● **WHAT IS NEEDED**
How do the lines read from the one holding "點(diǎn)立即更新后系統" through the last line of the listing? Set them down exactly, pictures omitted.

[Start of Attachment]

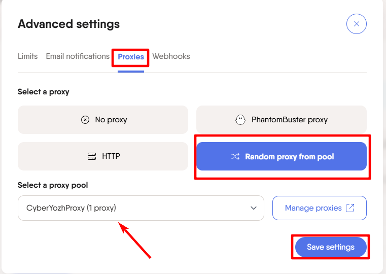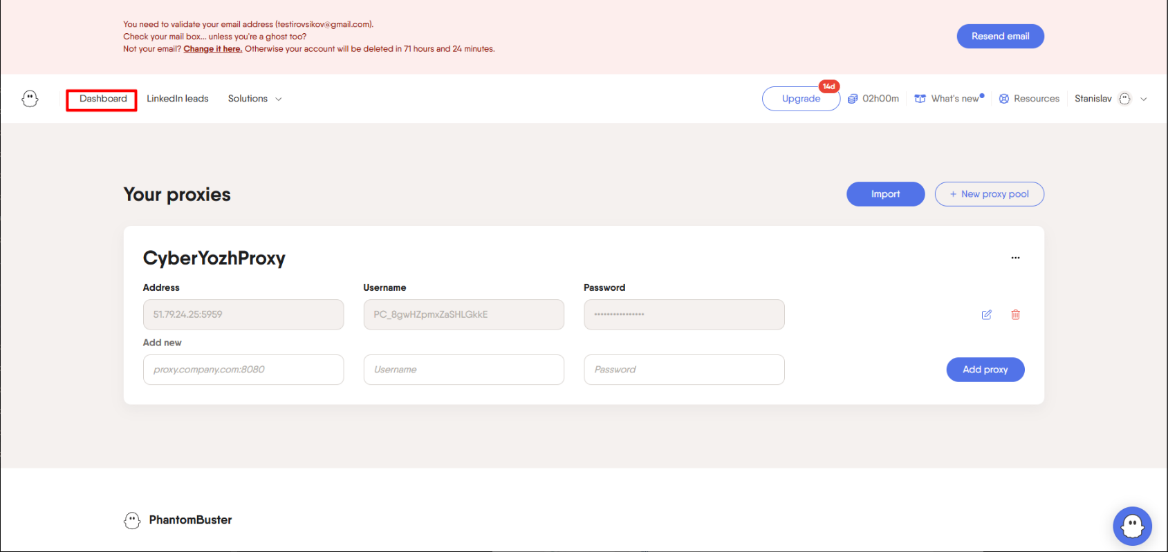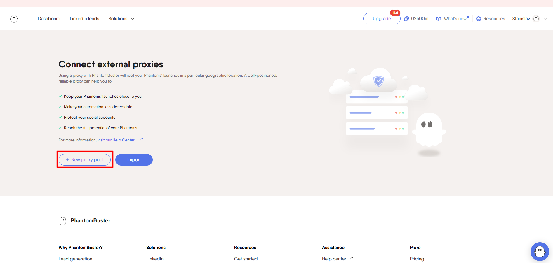 В PhantomBuster лучше всего использовать Proxy Pools (Пулы прокси). Это позволяет один раз добавить прокси и потом легко назначать его разным Фантомам.
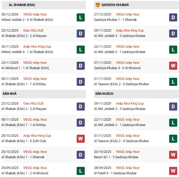 Phong độ gần đây của Al Qadisiya khá ổn định với 5 thắng, 3 hòa và 2 thua trong 10 trận gần nhất. Tuy nhiên, thành tích sân khách của họ chưa thực sự ấn tượng khi chỉ thắng 2, hòa 4 và thua 4 trong 10 chuyến hành quân gần đây. Dù vậy, Al Qadisiya vẫn được đánh giá cao hơn nhờ lối chơi tổ chức tốt, khả năng kiểm soát thế trận và chất lượng đội hình nhỉnh hơn so với Al Shabab.
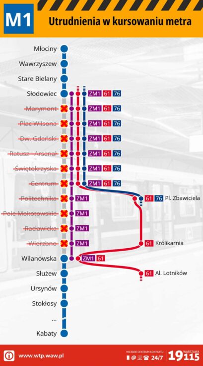 🚇Warszawskie metro lini M1 zostaje wyłączone z ruchu na centralnym odcinku. Pociągi nie będą kursować na odcinku WILANOWSKA – SŁODOWIEC. Zalecamy z wyprzedzeniem sprawdzenie informacji podanych przez Warszawski Transport Publiczny.
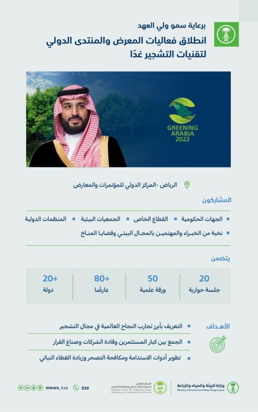 ويشارك في المعرض والمنتدى عدد كبير من الجهات الحكومية، والقطاع الخاص، والجمعيات البيئية، والجهات والمنظمات الدولية، إضافة إلى نخبة من الخبـراء والمهتميـن بالمجـال البيئـي وقضايـا المنـاخ، ويتضمن أيضًا 20 جلسة حوارية وورشة علمية سيُقدَّم خلالها نحو 50 ورقة علمية، وأكثر من 80 عارضًا لمنتجاتهم ومشروعاتهم وابتكاراتهم، التي تعد أحـدث مستجدات التقنيـة فـي مجـال مكافحـة التصحـر والتخفيـف مـن آثـاره وتنميـة الغطـاء النباتـي وحمايتـه، وأفضل التجـارب والأبحـاث والدراسات العلمية عالميًا.
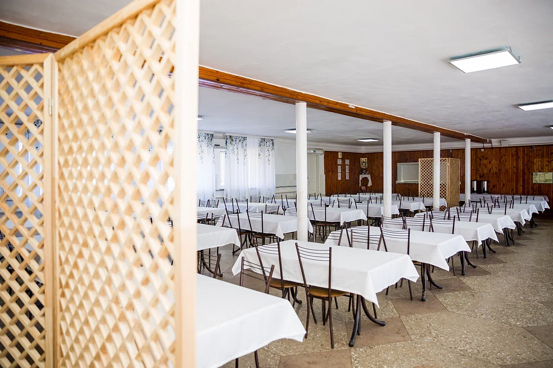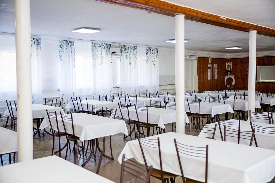 Питание предоставляется в нашей столовой-трапезной, оснащенной современным технологическим оборудованием и соответствующей всем санитарно-эпидемиологическим требованиям и нормам общественного питания.
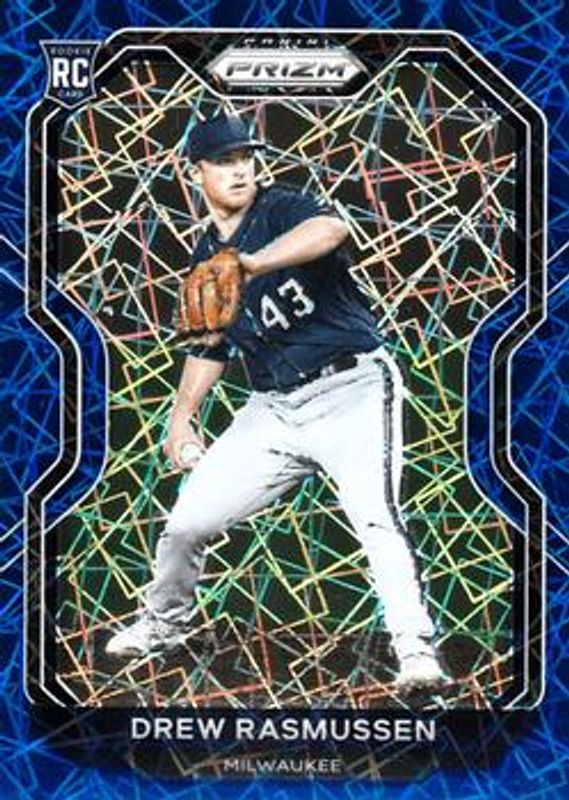 The Drew Rasmussen 2021 Prizm #197 Blue Velocity Rookie card is 1 of 69 Drew Rasmussen's card variations in the 2021 Prizm set being tracked by Sports Card Investor, including Base, Blue, Carolina Blue, Cosmic Haze, and Giraffe.
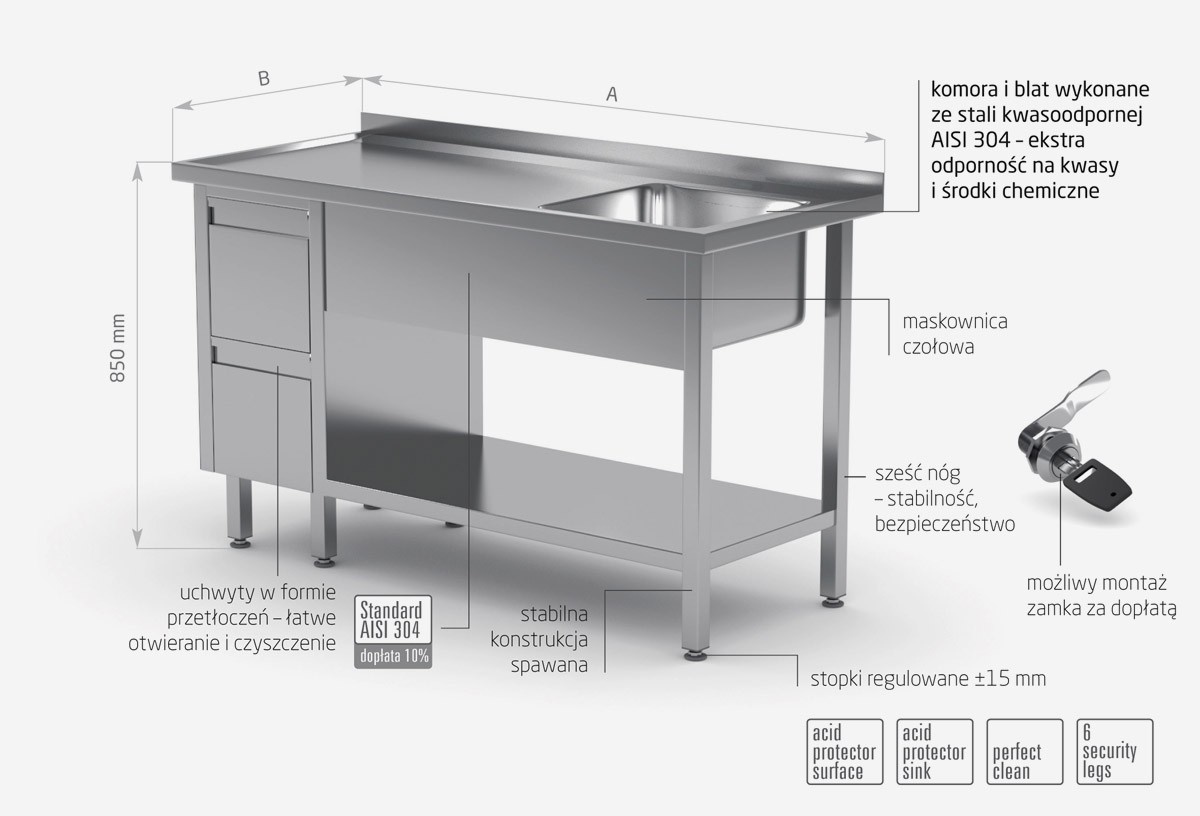 Stół ze stali nierdzewnej ze zlewem, półką i szafką z dwiema szufladami - komora po prawej stronie o wymiarach 1700x700x(h)850 mm
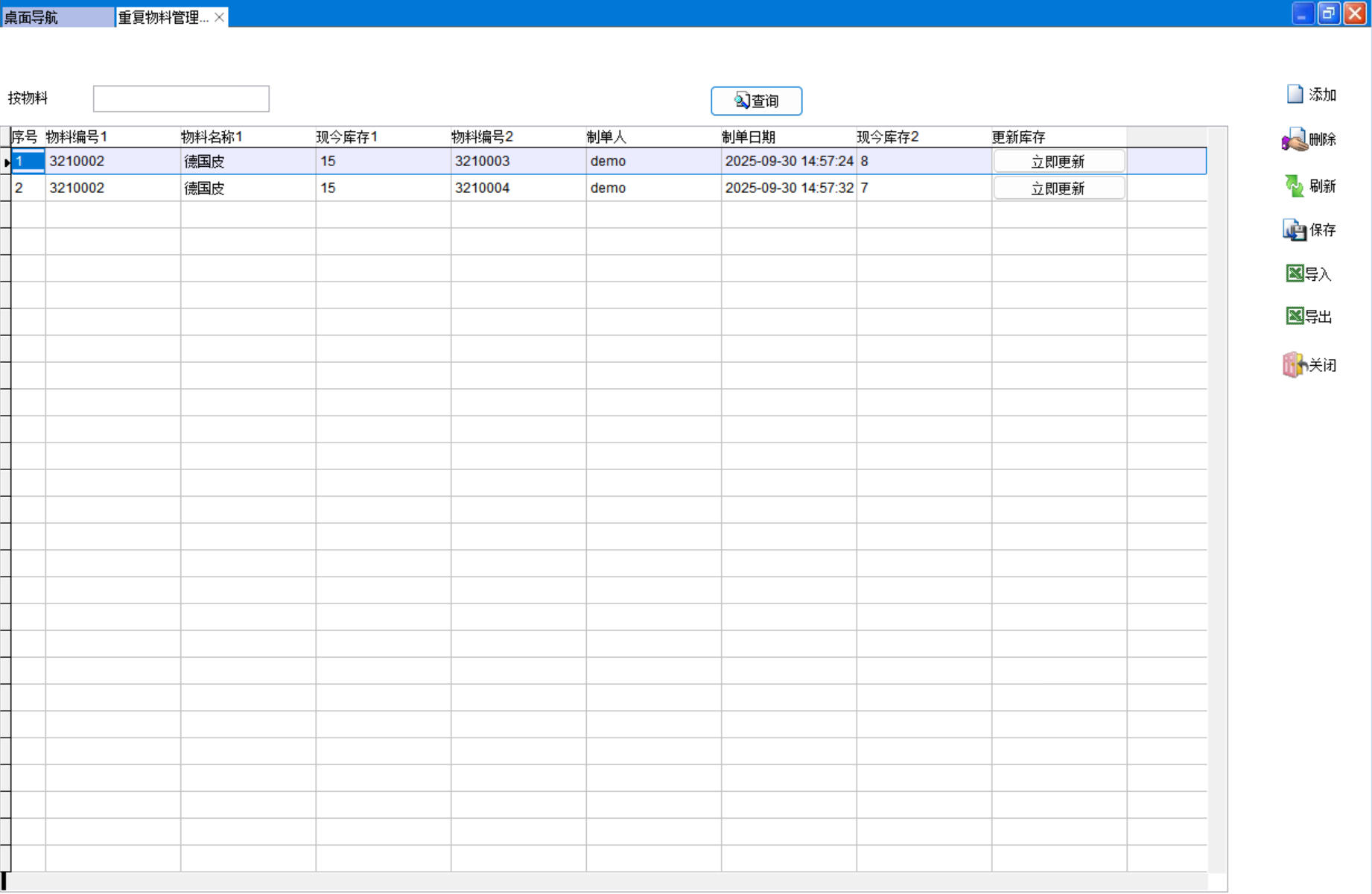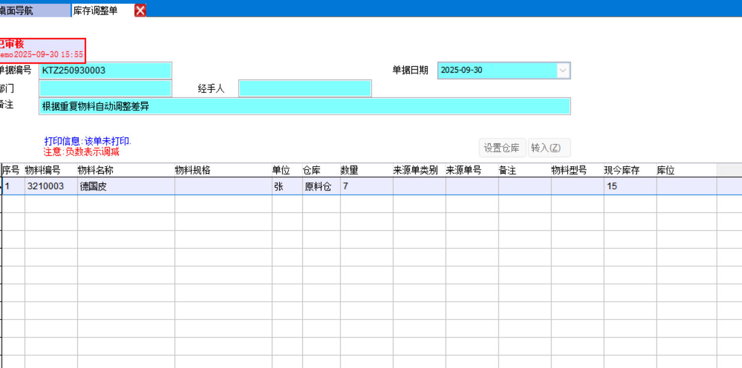 點(diǎn)立即更新后系統(tǒng)會(huì)自動(dòng)生成一個(gè)庫(kù)存調(diào)整單,將物料編號(hào)2的庫(kù)存數(shù)量調(diào)整和物料編號(hào)1一致。
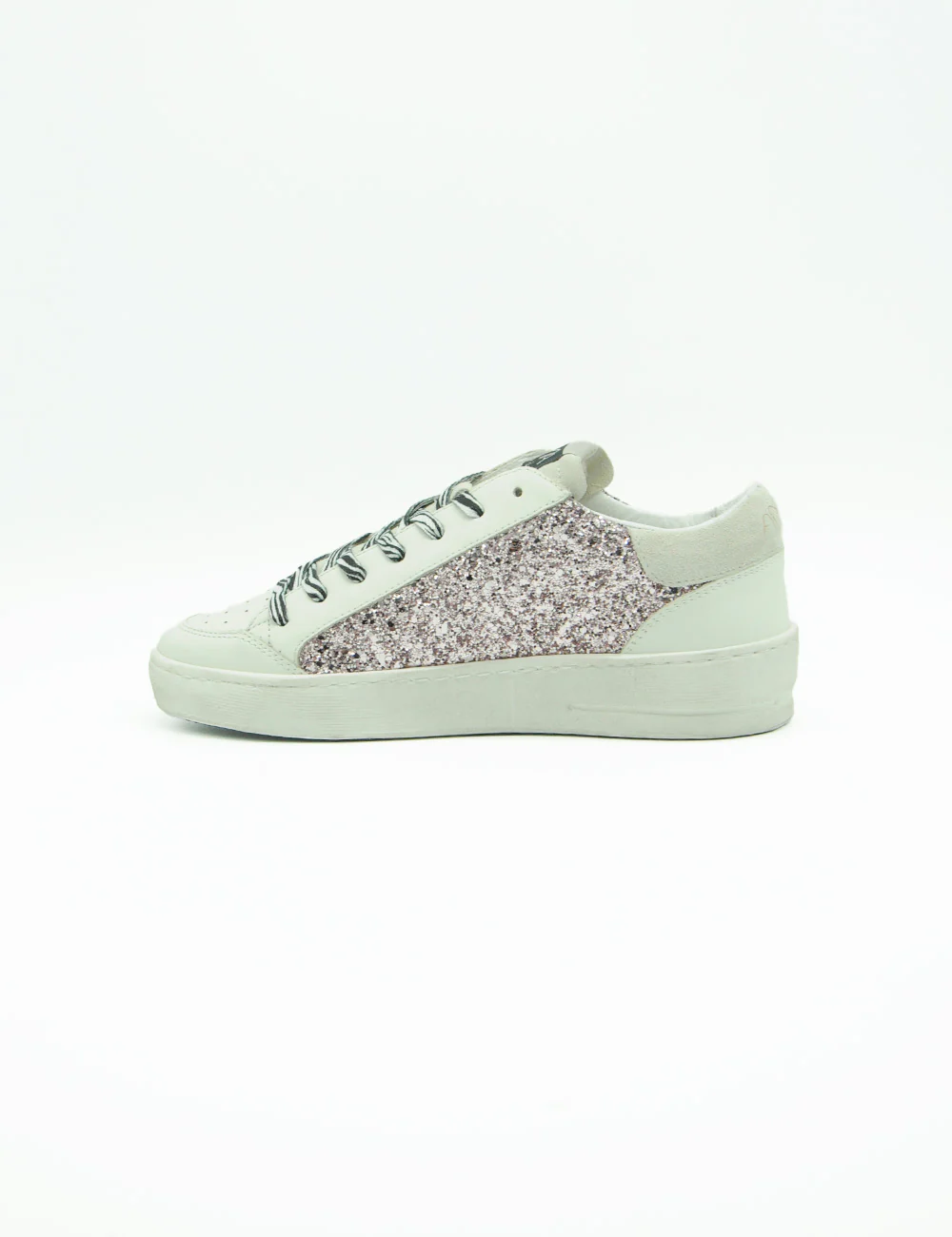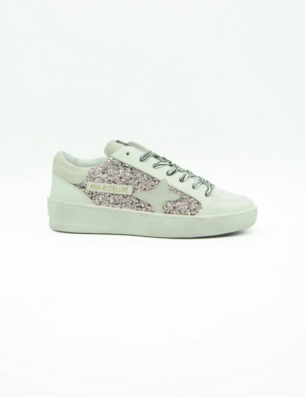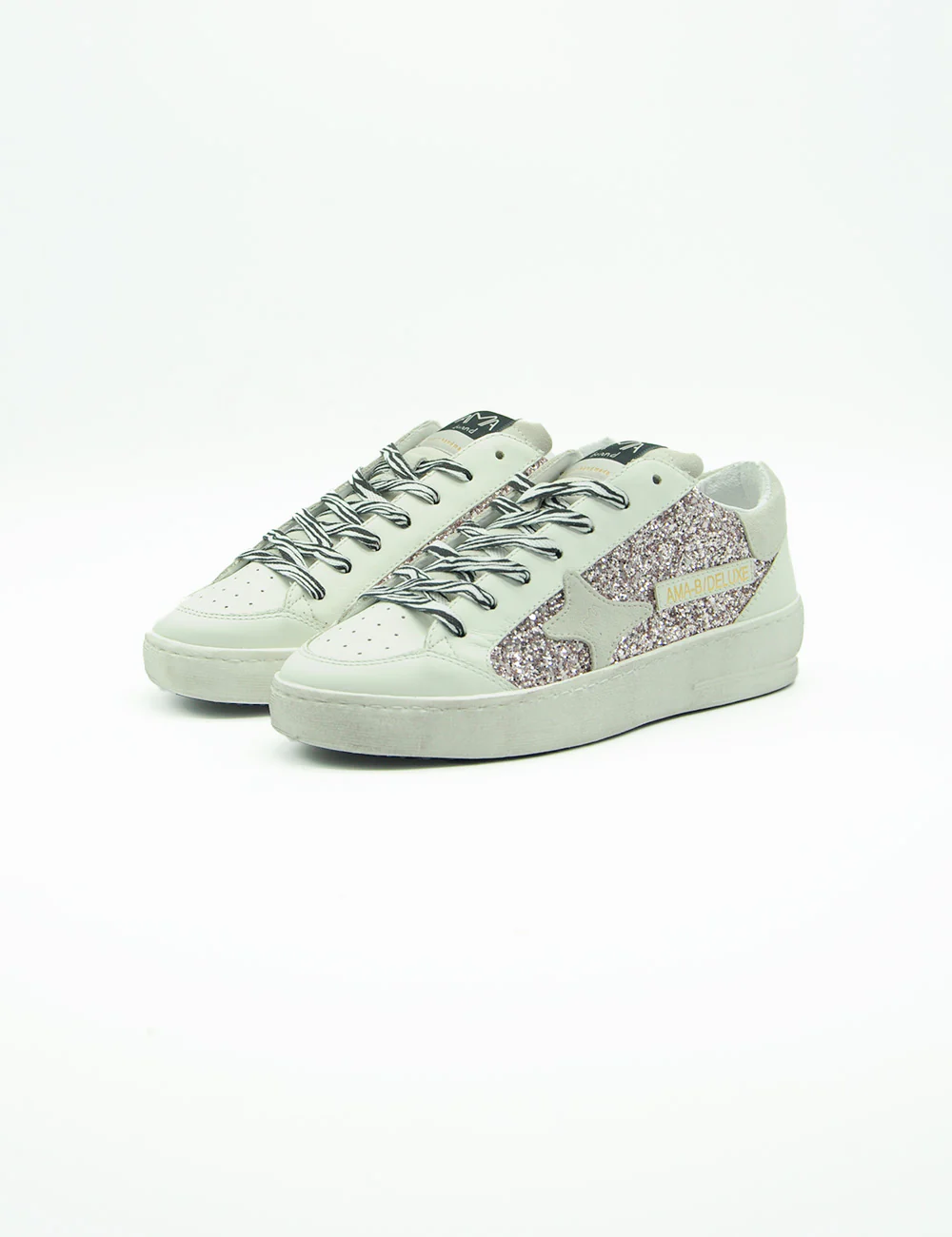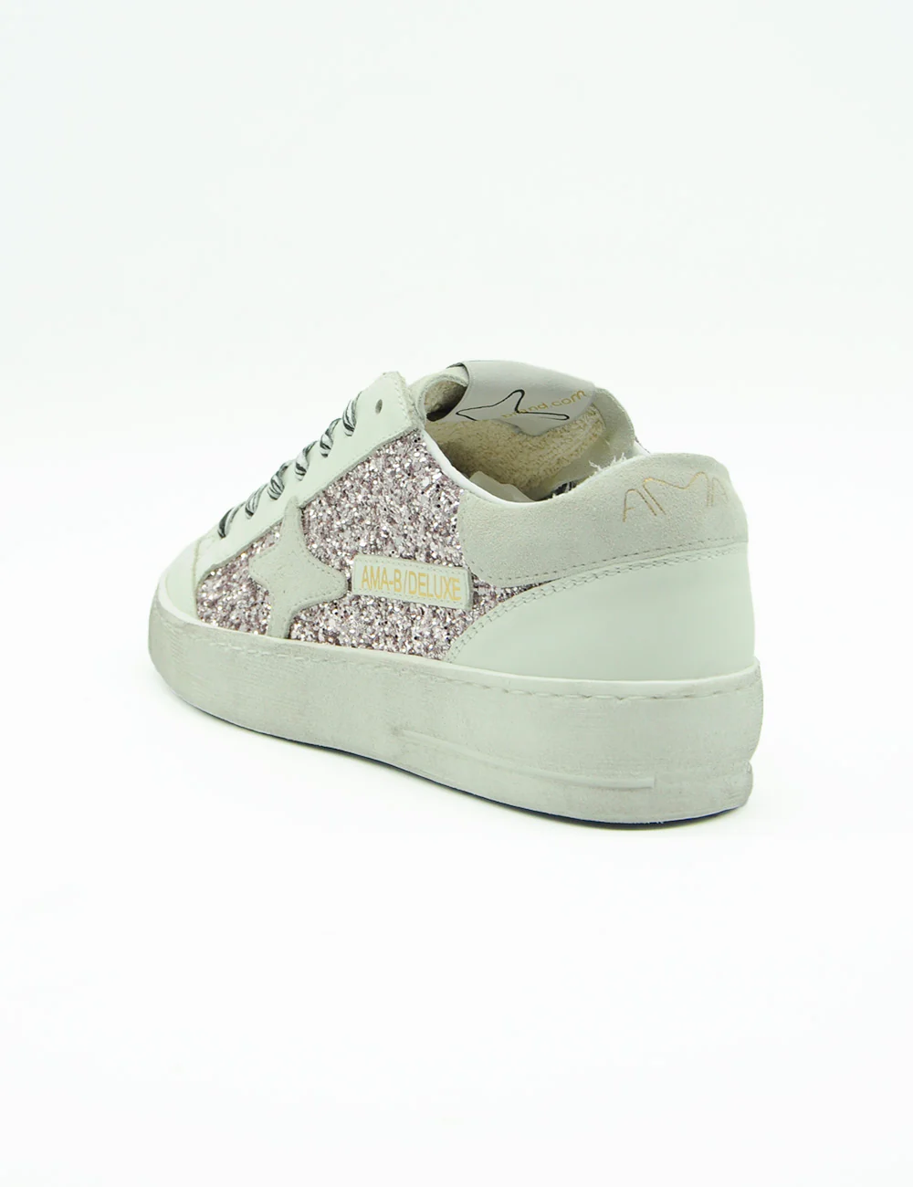Ama Brand Sneakers Glitter Pink, sneakers con tomaia in pelle rivestita di glitter rosa ed inserti in pelle suede. Toppone logato in suede.

[End of Attachment]

● **ANSWER SPACE**
 點(diǎn)立即更新后系統(tǒng)會(huì)自動(dòng)生成一個(gè)庫(kù)存調(diào)整單,將物料編號(hào)2的庫(kù)存數(shù)量調(diào)整和物料編號(hào)1一致。
Ama Brand Sneakers Glitter Pink, sneakers con tomaia in pelle rivestita di glitter rosa ed inserti in pelle suede. Toppone logato in suede.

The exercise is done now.